Rectangular Loop Nests

Based on the discussion in Section 2, the problem of partitioning the iterations of a single loop with lower bound $l$ and upper bound $u$ amongst $p$ processors can be expressed as that of finding $l_k, u_k, 0 \leq k < p$, such that

$$\sum_{i=l}^{u} 1 = \sum_{i=l_0}^{u_0} 1 + \sum_{i=l_1}^{u_1... ...=l_{p-1}}^{u_{p-1}} 1 = \sum_{k=0}^{p-1} \sum_{j=l_k}^{u_k} 1,$$ (4)

where $u_k=l_{k+1}-1$, for $0 \leq k < p-1$, $u_{p-1}=u$, and, for all $l_k, u_k$,

$$\left\lfloor \frac{n}{p} \right\rfloor \leq \sum_{j=l_k}^{u_k} 1 \leq \left\lceil \frac{n}{p} \right\rceil,$$ (5)

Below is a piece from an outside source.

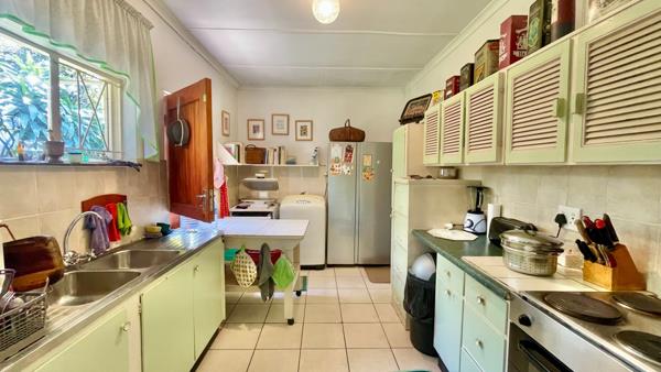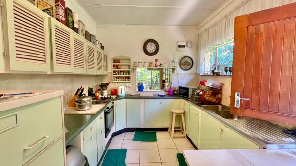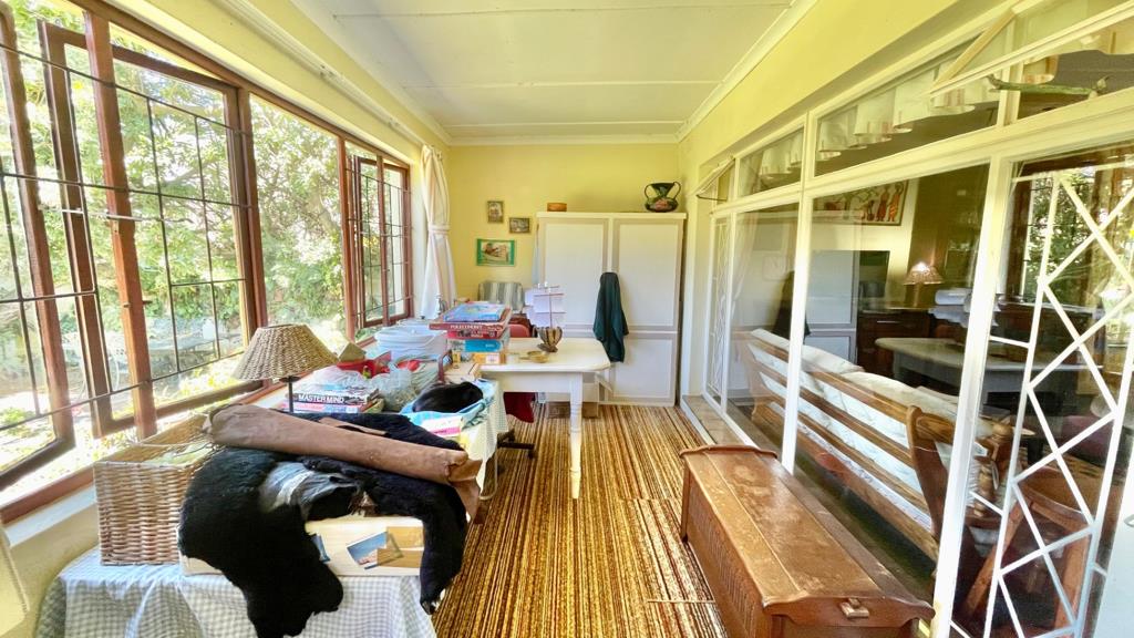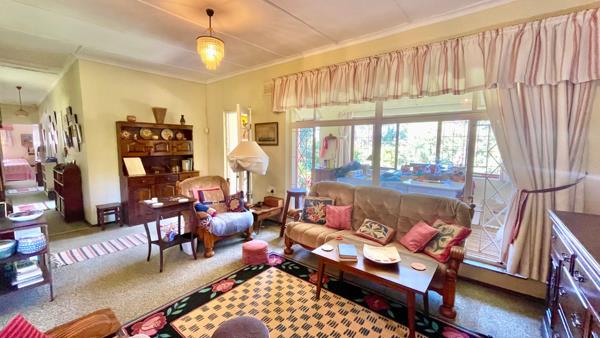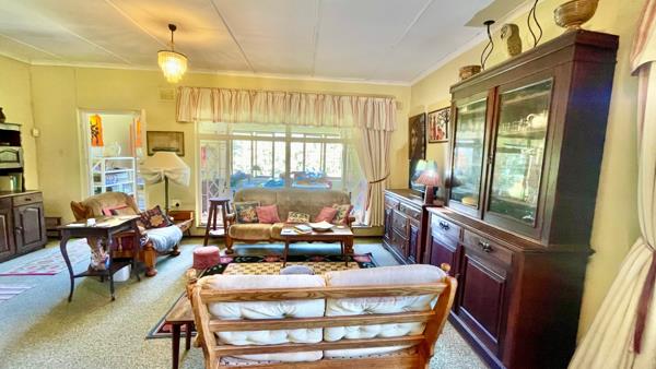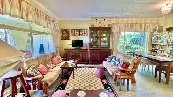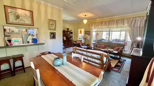 On a short dirt road you meander towards this property with a much loved garden and solid home. The home boasts 4 bedrooms and 2 bathrooms and a large 1 bedroom guest flatlet with a shower and separate toilet. Enter the front door from the glorious garden and there is a study or hobby room on the left and then into the open plan lounge and dining room.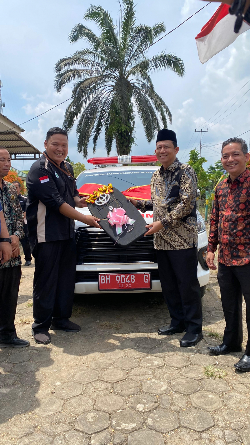 Bupati Muaro Jambi Dr. Bambang Bayu Suseno,SP.MM.M.Si didampingi Ketua TP PKK Ririn Novianty,SE, Kepala Dinas Kesehatan Dr. Aang Hambali menyerahkan langsung 1 unit mobil ambulance kepada Puskesmas Tanjung untuk mendukung pelayanan Puskesmas tersebut.

where $n = u-l+1 = u_{p-1}-l_0$. The following relations satisfy both (4) and (5):

$\bullet$ Partitioning by decreasing order:

$$l_k = l + k \lfloor n/p \rfloor + \min(n \bmod p, k), \mbox{~~$k=0,1,2,\dots,p-1,$}$$

where the first $(n \bmod p)$ partitions have $\lceil n/p \rceil$ iterations, whilst the rest have $\lfloor n/p \rfloor$.

$\bullet$ Partitioning by increasing order:

$$l_k \! = \! l + k \lfloor n/p \rfloor + \max(0, k-p+(n \bmod p)), \mbox{$k \! = \! 0,1,2,\dots,p \! - \! 1,$}$$

where the last $(n \bmod p)$ partitions have $\lceil n/p \rceil$ iterations, whilst the rest have $\lfloor n/p \rfloor$.

If $n$ is a multiple of $p$, both relations reduce to

$$l_k = l + kn/p, \mbox{~~$k=0,1,2,\dots,p-1,$}$$

and the loop is partitioned into equal partitions. In this case, assuming that the body of the loop nest does not contain statements whose execution depends on the value of the index of the outer loop, perfect load balance is achieved. Otherwise, if $n$ is not a multiple of $p$, a relative load imbalance equal to $(p - n \bmod p)/(n + p - n \bmod p)$ is expected, a quantity which approaches zero if $n \gg p$.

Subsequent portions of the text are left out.